§ **Requirement**
If an entry below holds a picture, leave the picture out and print the rest exactly.

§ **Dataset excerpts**
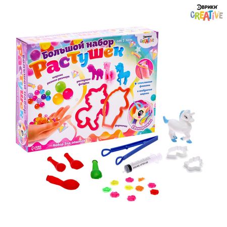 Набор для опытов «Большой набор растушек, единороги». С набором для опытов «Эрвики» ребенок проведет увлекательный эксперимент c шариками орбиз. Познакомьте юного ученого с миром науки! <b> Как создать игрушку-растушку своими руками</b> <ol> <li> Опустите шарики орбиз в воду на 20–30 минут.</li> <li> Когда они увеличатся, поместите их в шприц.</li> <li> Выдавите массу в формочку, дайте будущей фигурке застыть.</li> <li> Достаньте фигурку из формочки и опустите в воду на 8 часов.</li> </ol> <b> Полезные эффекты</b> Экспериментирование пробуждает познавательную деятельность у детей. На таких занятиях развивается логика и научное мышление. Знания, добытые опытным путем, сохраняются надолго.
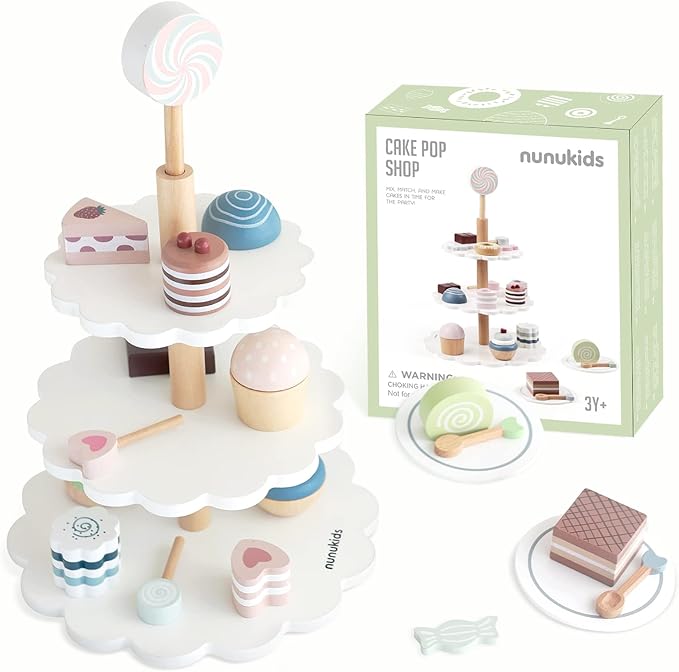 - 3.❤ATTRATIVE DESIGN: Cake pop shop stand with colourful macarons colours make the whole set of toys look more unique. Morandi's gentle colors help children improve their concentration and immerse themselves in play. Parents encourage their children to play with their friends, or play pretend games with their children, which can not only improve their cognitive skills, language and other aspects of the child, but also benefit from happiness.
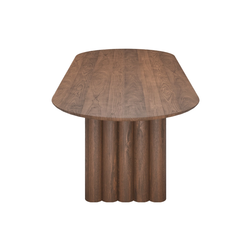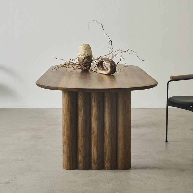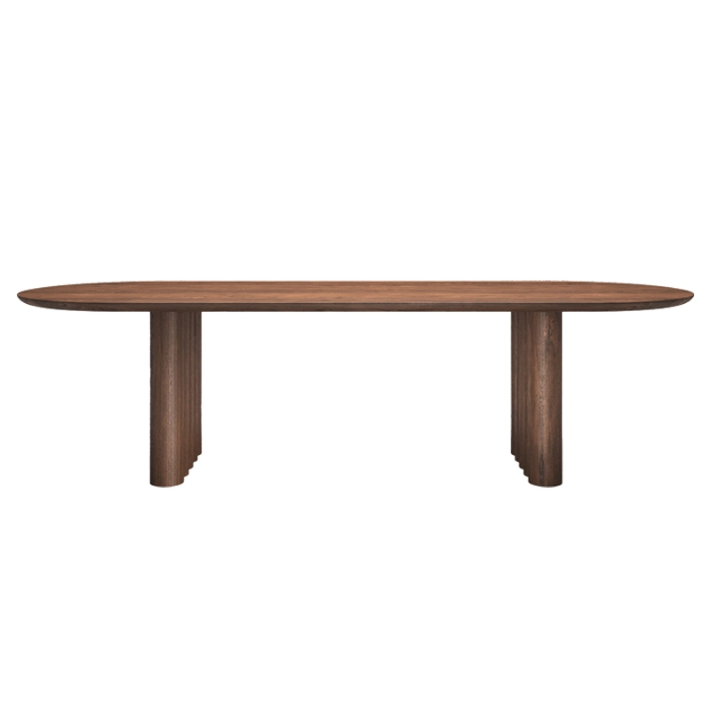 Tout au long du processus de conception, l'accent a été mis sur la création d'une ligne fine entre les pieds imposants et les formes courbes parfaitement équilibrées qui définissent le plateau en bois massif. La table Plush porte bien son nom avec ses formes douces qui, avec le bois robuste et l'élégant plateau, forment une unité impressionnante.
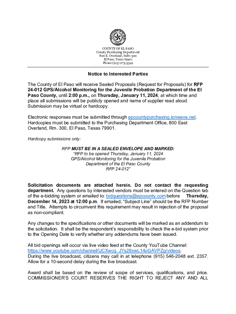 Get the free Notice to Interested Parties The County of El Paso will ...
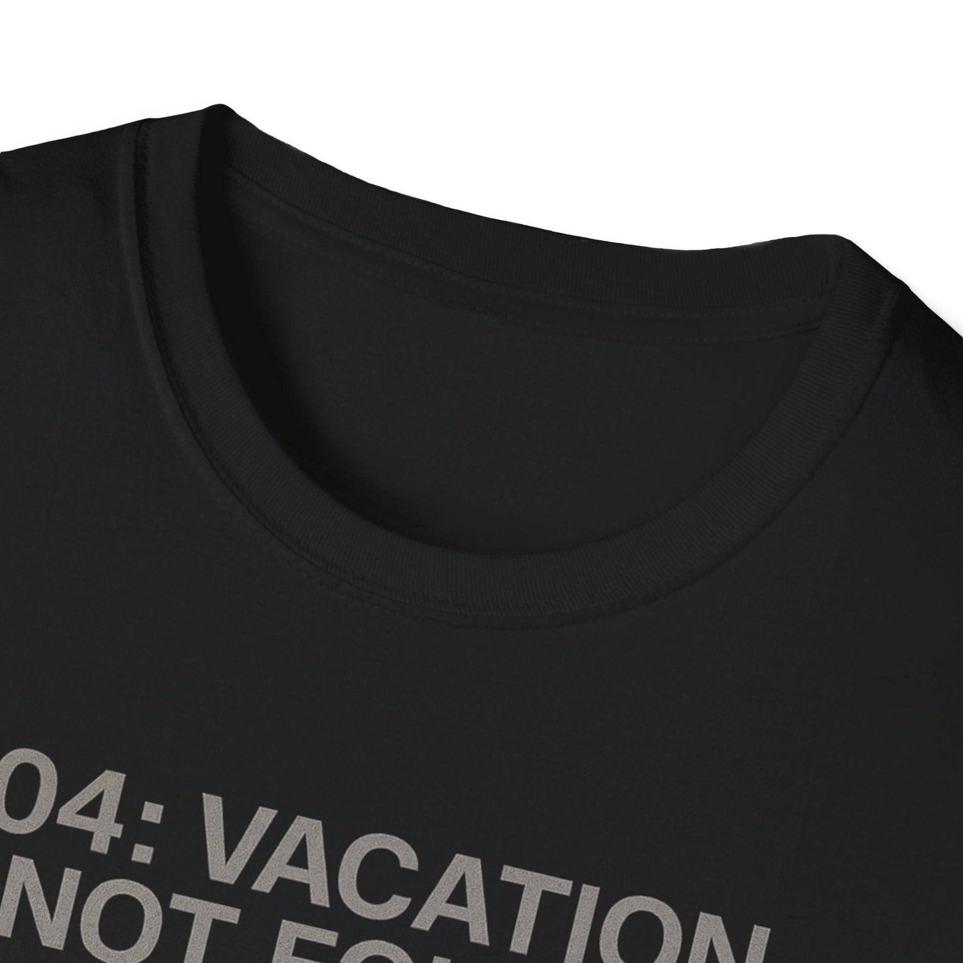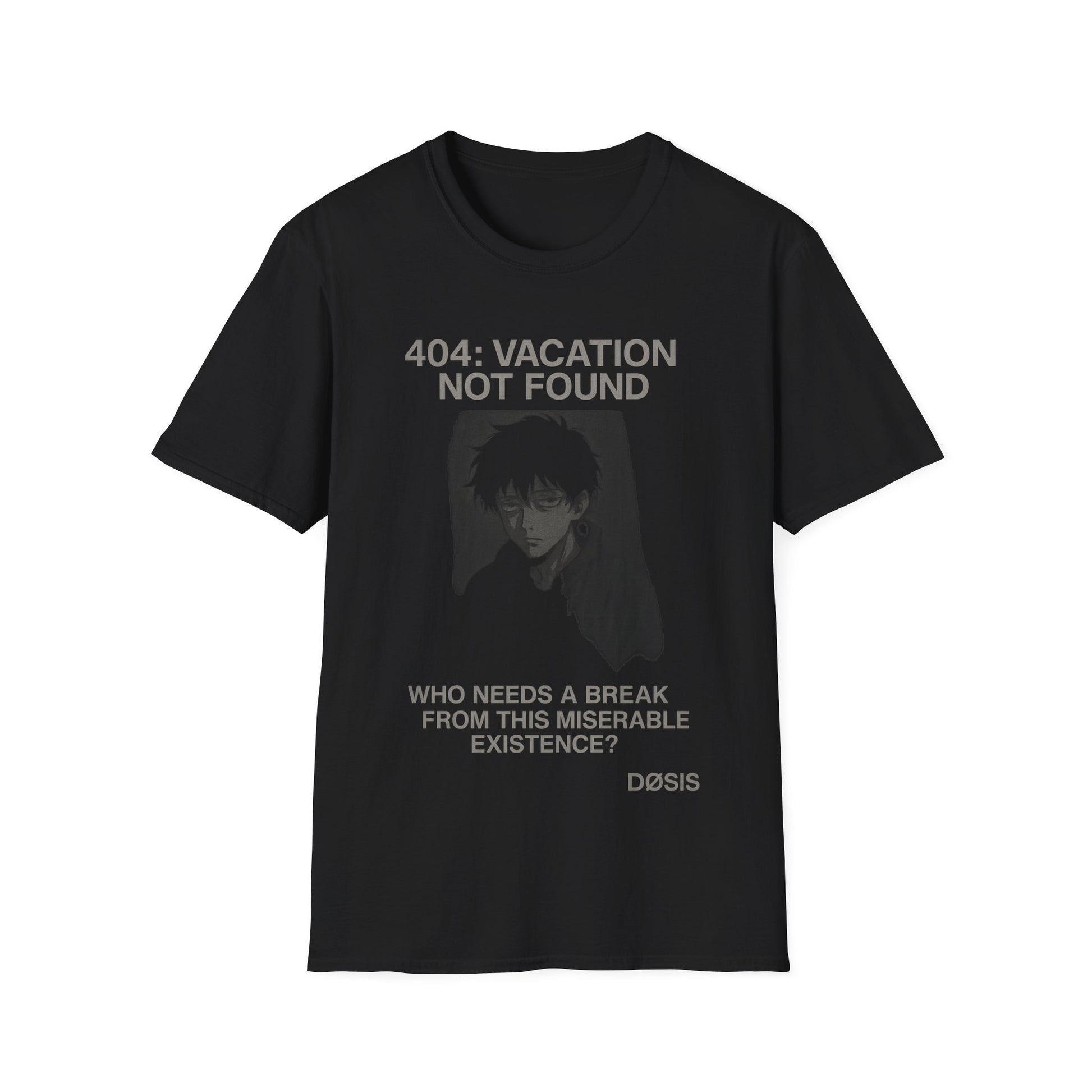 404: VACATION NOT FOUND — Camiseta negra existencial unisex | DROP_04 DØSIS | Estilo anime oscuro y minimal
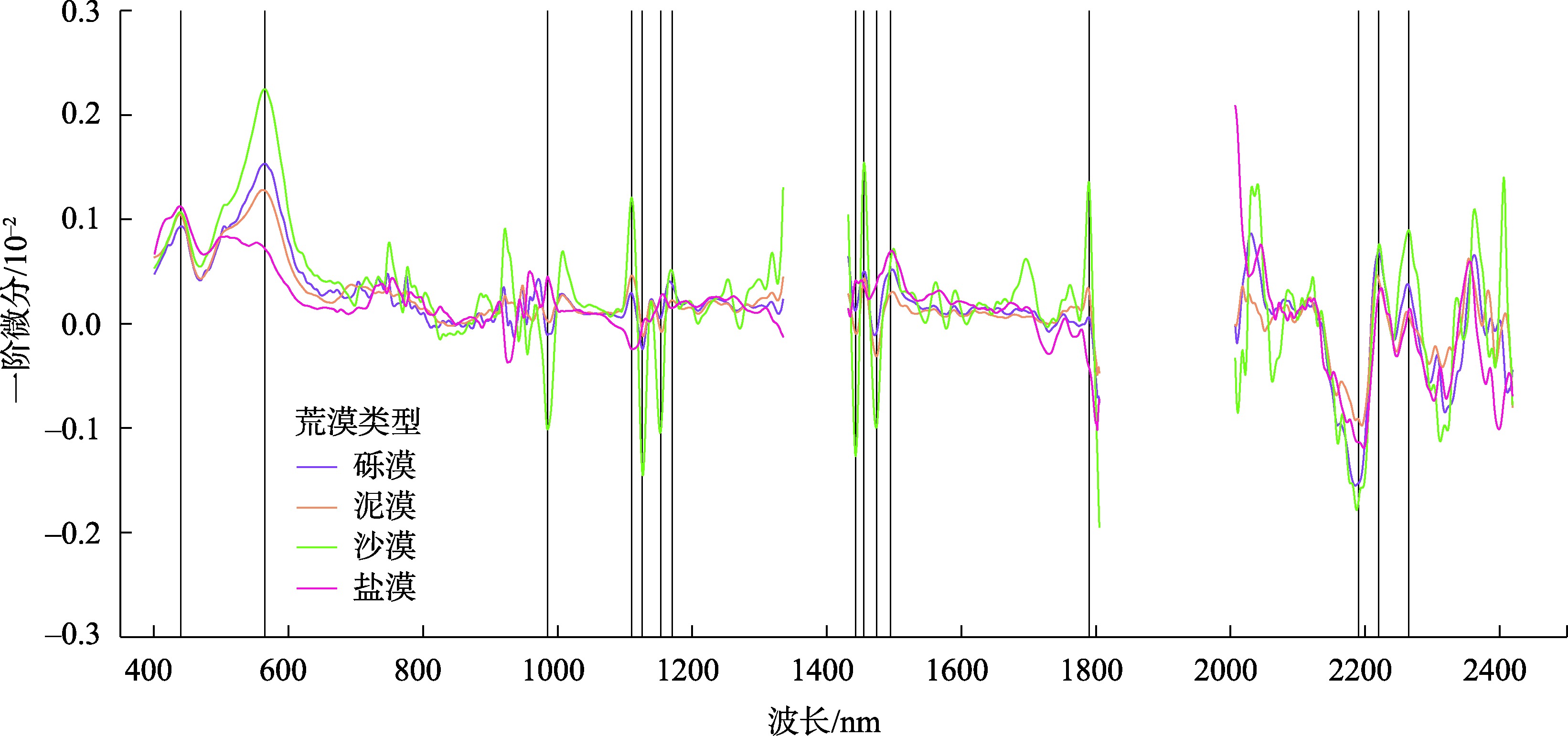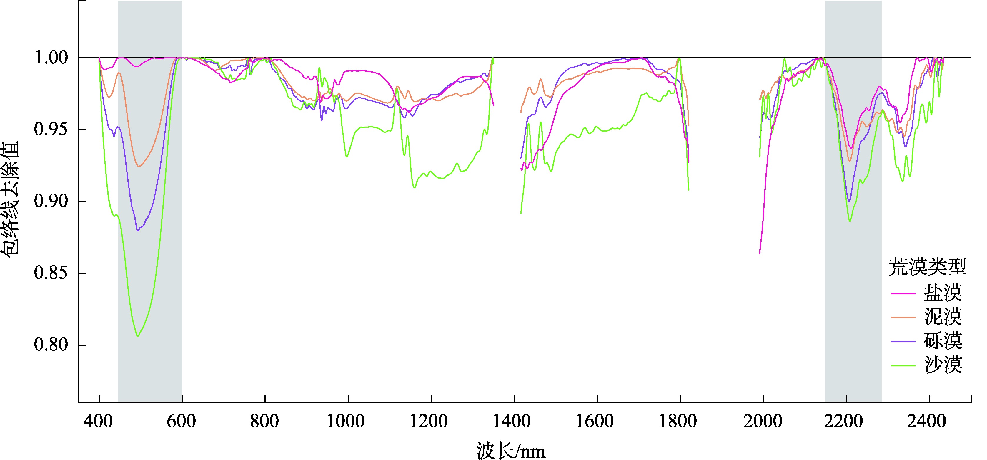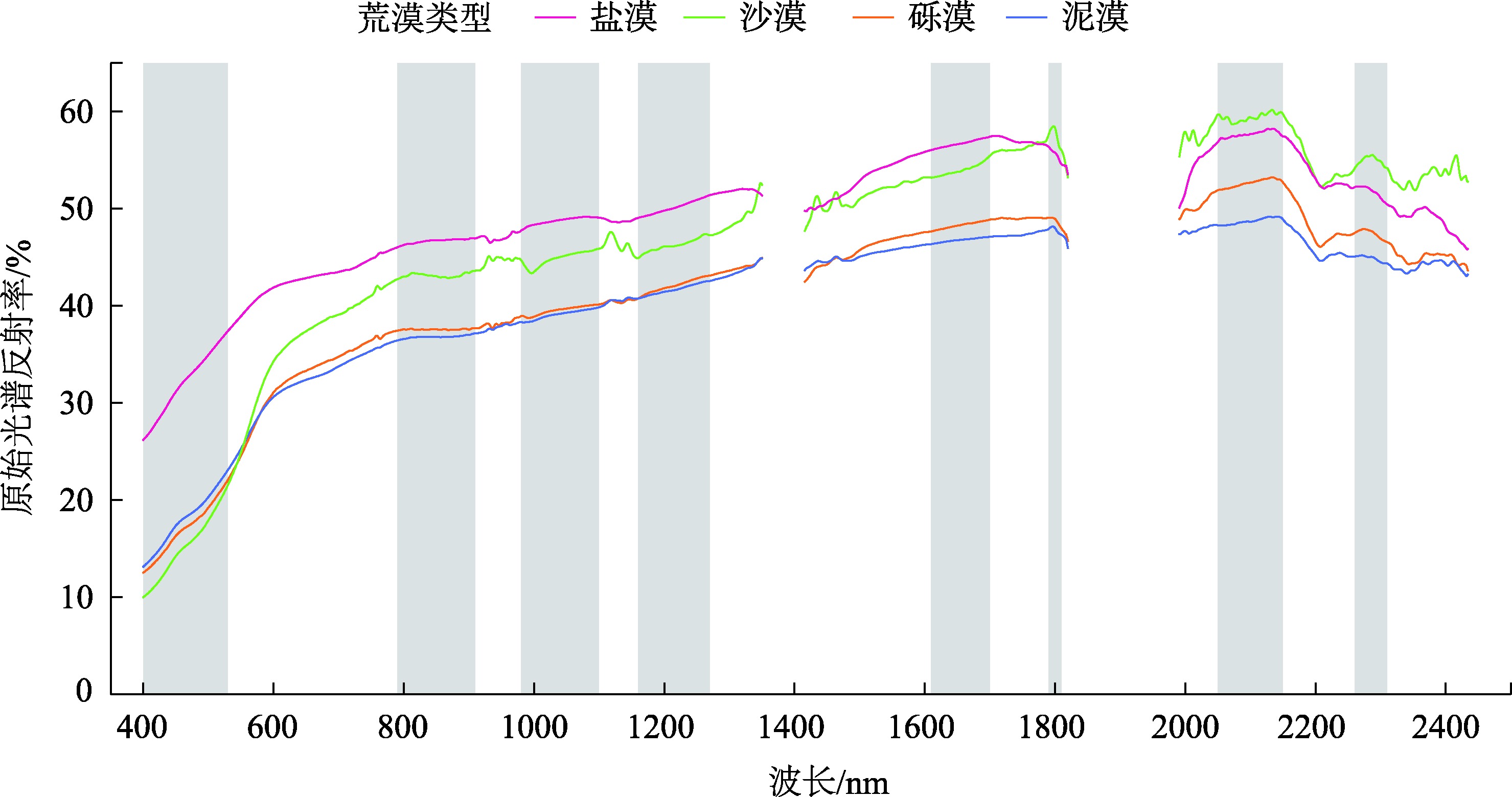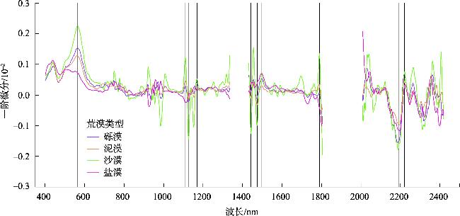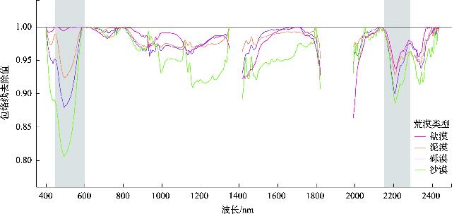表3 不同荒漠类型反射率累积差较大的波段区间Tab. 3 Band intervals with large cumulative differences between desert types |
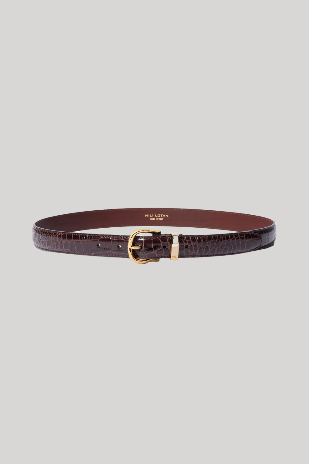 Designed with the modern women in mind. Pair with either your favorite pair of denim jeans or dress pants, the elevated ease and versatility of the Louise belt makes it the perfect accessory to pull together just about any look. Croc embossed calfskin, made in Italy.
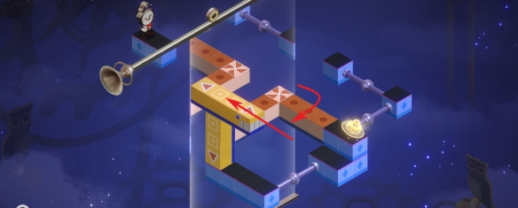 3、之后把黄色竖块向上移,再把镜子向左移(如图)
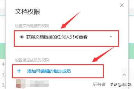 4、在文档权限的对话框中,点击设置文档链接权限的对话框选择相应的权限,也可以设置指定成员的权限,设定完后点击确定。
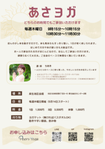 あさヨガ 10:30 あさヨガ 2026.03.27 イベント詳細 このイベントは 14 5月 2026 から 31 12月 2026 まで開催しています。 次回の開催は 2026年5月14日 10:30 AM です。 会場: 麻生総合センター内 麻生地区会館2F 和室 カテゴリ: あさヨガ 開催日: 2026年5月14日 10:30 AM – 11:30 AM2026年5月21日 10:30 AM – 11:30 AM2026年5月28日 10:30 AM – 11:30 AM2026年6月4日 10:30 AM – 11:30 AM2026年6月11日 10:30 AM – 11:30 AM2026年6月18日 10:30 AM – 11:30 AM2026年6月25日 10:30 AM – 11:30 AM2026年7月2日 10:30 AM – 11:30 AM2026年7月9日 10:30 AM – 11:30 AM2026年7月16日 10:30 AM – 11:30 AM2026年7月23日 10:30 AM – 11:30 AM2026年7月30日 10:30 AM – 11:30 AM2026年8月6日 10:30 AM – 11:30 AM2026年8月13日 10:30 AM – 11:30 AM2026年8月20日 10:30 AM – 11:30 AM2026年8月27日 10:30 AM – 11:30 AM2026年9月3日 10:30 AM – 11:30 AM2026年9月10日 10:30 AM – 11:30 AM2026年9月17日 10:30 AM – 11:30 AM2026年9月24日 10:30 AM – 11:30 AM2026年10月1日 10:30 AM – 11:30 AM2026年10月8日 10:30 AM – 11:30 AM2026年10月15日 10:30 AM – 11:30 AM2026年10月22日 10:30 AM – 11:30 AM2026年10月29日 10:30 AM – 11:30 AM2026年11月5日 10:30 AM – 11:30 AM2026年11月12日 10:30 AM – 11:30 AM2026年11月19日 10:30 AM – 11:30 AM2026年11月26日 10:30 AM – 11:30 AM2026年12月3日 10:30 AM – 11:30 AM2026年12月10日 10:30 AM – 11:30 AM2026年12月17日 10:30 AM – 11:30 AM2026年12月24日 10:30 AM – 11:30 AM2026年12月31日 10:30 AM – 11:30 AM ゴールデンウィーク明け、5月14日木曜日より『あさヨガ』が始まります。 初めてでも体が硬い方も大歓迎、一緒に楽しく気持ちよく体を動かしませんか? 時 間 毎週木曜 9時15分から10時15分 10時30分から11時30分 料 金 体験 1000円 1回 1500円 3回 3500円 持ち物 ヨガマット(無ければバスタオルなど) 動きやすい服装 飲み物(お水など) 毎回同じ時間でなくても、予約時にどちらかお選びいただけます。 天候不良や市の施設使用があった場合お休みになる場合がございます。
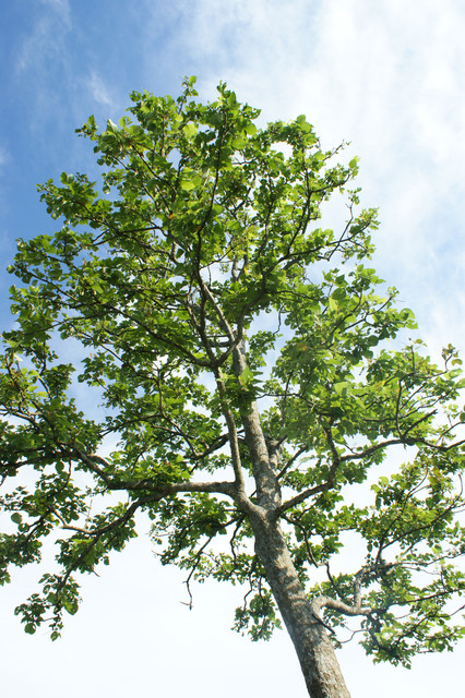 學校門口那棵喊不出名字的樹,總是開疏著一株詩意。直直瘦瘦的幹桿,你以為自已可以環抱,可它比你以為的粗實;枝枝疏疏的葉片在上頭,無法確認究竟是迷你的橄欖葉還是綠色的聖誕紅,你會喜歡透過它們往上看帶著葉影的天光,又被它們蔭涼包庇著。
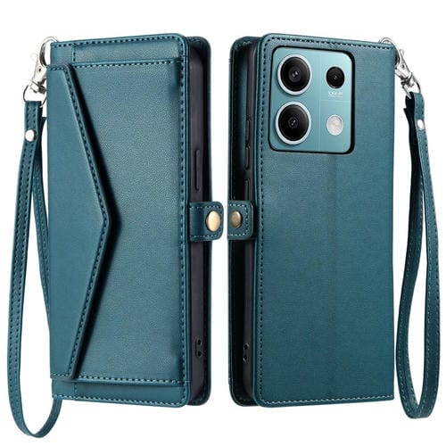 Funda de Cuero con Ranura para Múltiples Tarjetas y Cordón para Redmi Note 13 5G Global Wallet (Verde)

§ **Response to this task**
 Набор для опытов «Большой набор растушек, единороги». С набором для опытов «Эрвики» ребенок проведет увлекательный эксперимент c шариками орбиз. Познакомьте юного ученого с миром науки! <b> Как создать игрушку-растушку своими руками</b> <ol> <li> Опустите шарики орбиз в воду на 20–30 минут.</li> <li> Когда они увеличатся, поместите их в шприц.</li> <li> Выдавите массу в формочку, дайте будущей фигурке застыть.</li> <li> Достаньте фигурку из формочки и опустите в воду на 8 часов.</li> </ol> <b> Полезные эффекты</b> Экспериментирование пробуждает познавательную деятельность у детей. На таких занятиях развивается логика и научное мышление. Знания, добытые опытным путем, сохраняются надолго.
 - 3.❤ATTRATIVE DESIGN: Cake pop shop stand with colourful macarons colours make the whole set of toys look more unique. Morandi's gentle colors help children improve their concentration and immerse themselves in play. Parents encourage their children to play with their friends, or play pretend games with their children, which can not only improve their cognitive skills, language and other aspects of the child, but also benefit from happiness.
 Tout au long du processus de conception, l'accent a été mis sur la création d'une ligne fine entre les pieds imposants et les formes courbes parfaitement équilibrées qui définissent le plateau en bois massif. La table Plush porte bien son nom avec ses formes douces qui, avec le bois robuste et l'élégant plateau, forment une unité impressionnante.
 Get the free Notice to Interested Parties The County of El Paso will ...
 404: VACATION NOT FOUND — Camiseta negra existencial unisex | DROP_04 DØSIS | Estilo anime oscuro y minimal
表3 不同荒漠类型反射率累积差较大的波段区间Tab. 3 Band intervals with large cumulative differences between desert types |
 Designed with the modern women in mind. Pair with either your favorite pair of denim jeans or dress pants, the elevated ease and versatility of the Louise belt makes it the perfect accessory to pull together just about any look. Croc embossed calfskin, made in Italy.
 3、之后把黄色竖块向上移,再把镜子向左移(如图)
 4、在文档权限的对话框中,点击设置文档链接权限的对话框选择相应的权限,也可以设置指定成员的权限,设定完后点击确定。
 あさヨガ 10:30 あさヨガ 2026.03.27 イベント詳細 このイベントは 14 5月 2026 から 31 12月 2026 まで開催しています。 次回の開催は 2026年5月14日 10:30 AM です。 会場: 麻生総合センター内 麻生地区会館2F 和室 カテゴリ: あさヨガ 開催日: 2026年5月14日 10:30 AM – 11:30 AM2026年5月21日 10:30 AM – 11:30 AM2026年5月28日 10:30 AM – 11:30 AM2026年6月4日 10:30 AM – 11:30 AM2026年6月11日 10:30 AM – 11:30 AM2026年6月18日 10:30 AM – 11:30 AM2026年6月25日 10:30 AM – 11:30 AM2026年7月2日 10:30 AM – 11:30 AM2026年7月9日 10:30 AM – 11:30 AM2026年7月16日 10:30 AM – 11:30 AM2026年7月23日 10:30 AM – 11:30 AM2026年7月30日 10:30 AM – 11:30 AM2026年8月6日 10:30 AM – 11:30 AM2026年8月13日 10:30 AM – 11:30 AM2026年8月20日 10:30 AM – 11:30 AM2026年8月27日 10:30 AM – 11:30 AM2026年9月3日 10:30 AM – 11:30 AM2026年9月10日 10:30 AM – 11:30 AM2026年9月17日 10:30 AM – 11:30 AM2026年9月24日 10:30 AM – 11:30 AM2026年10月1日 10:30 AM – 11:30 AM2026年10月8日 10:30 AM – 11:30 AM2026年10月15日 10:30 AM – 11:30 AM2026年10月22日 10:30 AM – 11:30 AM2026年10月29日 10:30 AM – 11:30 AM2026年11月5日 10:30 AM – 11:30 AM2026年11月12日 10:30 AM – 11:30 AM2026年11月19日 10:30 AM – 11:30 AM2026年11月26日 10:30 AM – 11:30 AM2026年12月3日 10:30 AM – 11:30 AM2026年12月10日 10:30 AM – 11:30 AM2026年12月17日 10:30 AM – 11:30 AM2026年12月24日 10:30 AM – 11:30 AM2026年12月31日 10:30 AM – 11:30 AM ゴールデンウィーク明け、5月14日木曜日より『あさヨガ』が始まります。 初めてでも体が硬い方も大歓迎、一緒に楽しく気持ちよく体を動かしませんか? 時 間 毎週木曜 9時15分から10時15分 10時30分から11時30分 料 金 体験 1000円 1回 1500円 3回 3500円 持ち物 ヨガマット(無ければバスタオルなど) 動きやすい服装 飲み物(お水など) 毎回同じ時間でなくても、予約時にどちらかお選びいただけます。 天候不良や市の施設使用があった場合お休みになる場合がございます。
 學校門口那棵喊不出名字的樹,總是開疏著一株詩意。直直瘦瘦的幹桿,你以為自已可以環抱,可它比你以為的粗實;枝枝疏疏的葉片在上頭,無法確認究竟是迷你的橄欖葉還是綠色的聖誕紅,你會喜歡透過它們往上看帶著葉影的天光,又被它們蔭涼包庇著。
 Funda de Cuero con Ranura para Múltiples Tarjetas y Cordón para Redmi Note 13 5G Global Wallet (Verde)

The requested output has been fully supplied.